= Aileen Getty =

American heiress and activist (born 1957)

Aileen Getty (born 1957) is an American heiress and activist. She is a member of the Getty family, the granddaughter of J. Paul Getty, an American petroleum industrialist who founded the Getty Oil Company. She co-founded the Climate Emergency Fund in 2019. The fund has distributed over $4 million to several environmental activist organizations including Extinction Rebellion and Just Stop Oil.

==Early life==
She is the daughter of John Paul Getty Jr. Her brother Mark Getty is the co-founder of Getty Images.
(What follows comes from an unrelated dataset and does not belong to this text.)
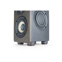 The ISO-PUCK upper flange “suction cup” design adheres to the underside of the cabinet making the upper isolator live with the speaker, while the lower isolator anchors to the supporting surface. All the energy is managed within the core of the ISO-PUCK isolators which are carefully tuned to provide superior isolation and control while remaining on-axis.

She spent her childhood in Italy and attended boarding school in the United Kingdom.

==Activism==
In 2019, Getty co-founded the Climate Emergency Fund. The fund has distributed over $4 million to several environmental activist organizations including Extinction Rebellion and Just Stop Oil.

As of 2018, she has given $92,400 to campaigns and independent committees of Gavin Newsom.

==Personal life==
In 1981, she married Christopher Wilding, son of Elizabeth Taylor. They had two children before divorcing.

In 1984, she was diagnosed with HIV/AIDS, later saying she was unsure whether the source of infection had been a blood transfusion or an extramarital affair.

In 2023, Getty purchased Brad Pitt’s estate near Los Feliz for $33 million.